Mailing List flyrotary@lancaironline.net Message #19179
From: Bulent Aliev <atlasyts@bellsouth.net>
Subject: Re: [FlyRotary] Re: BMW and EWP
Date: Mon, 21 Mar 2005 11:10:26 -0500
To: Rotary motors in aircraft <flyrotary@lancaironline.net>
Jim, by the same reasoning, when you are hot and sweaty in front of your fan
at home: The slower the fan turns, the colder you get since the air has more
time to pick up heat from your body? :)
Buly


I had looked at it as:
High Flow - engine can't heat the water as much as it would if the flow
were slower and there was more time to heat the water, resulting in less
temp rise in water across engine and more uniform temps in the block.
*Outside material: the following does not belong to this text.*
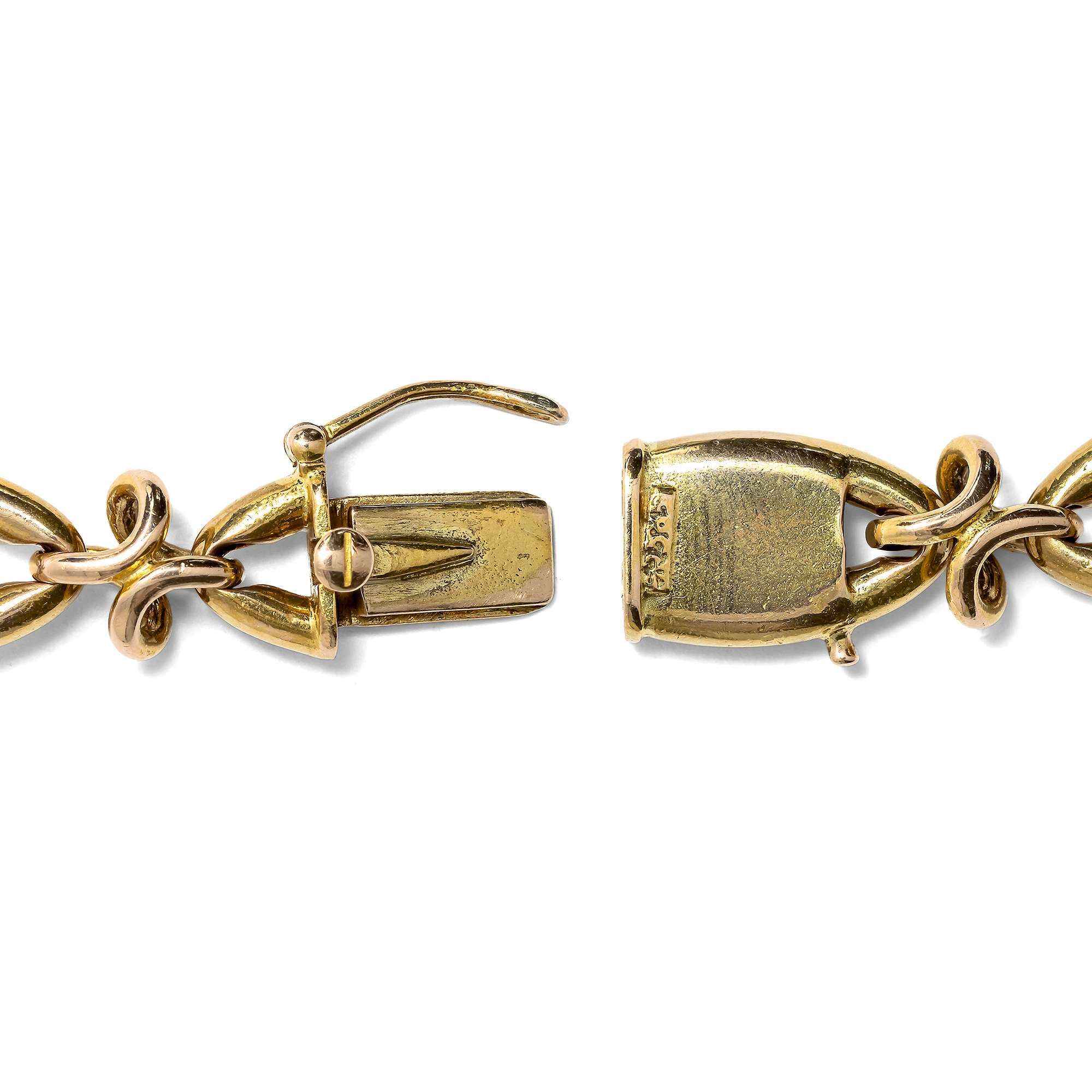 Fließende Goldarmbänder aus ornamentalen Gliedern erfreuten sich zur Zeit der vorletzten Jahrhundertwende großer Beliebtheit. Wie viele andere Innovationen im Bereich des Schmucks befriedigten sie das Bedürfnis nach weicheren und anschmiegsameren Formen, nach dem als oft zu starr und sperrig empfundenen Schmuck der Generation zuvor.

Water emerges from block not much hotter than it went in.  Water doesn't
stay in the radiator long enough to be exposed to air flow long enough
to be cooled very much.  Good news: it doesn't *have* to be cooled much
- it's not all that hot.
Low Flow - coolant spends more time in engine and gets hotter.  Greater
dT across engine block, coolant hotter exiting engine and entering
radiator.  Radiator has to draw more heat out of the coolant to get it
back to acceptable block entry temp, but has more time to do it on
account of lower flow.
What I hadn't seen, is how apparently wide a range of flows would
produce acceptable results.  I suppose a better radiator (more flue
area, better air flow, etc. - better cooling per in^3) would reduce the
volume requirement.  Lower limit on flow would seem to be that flow at
which the temperature gradient across the engine becomes unacceptable.
Thanks for the details ... Jim S.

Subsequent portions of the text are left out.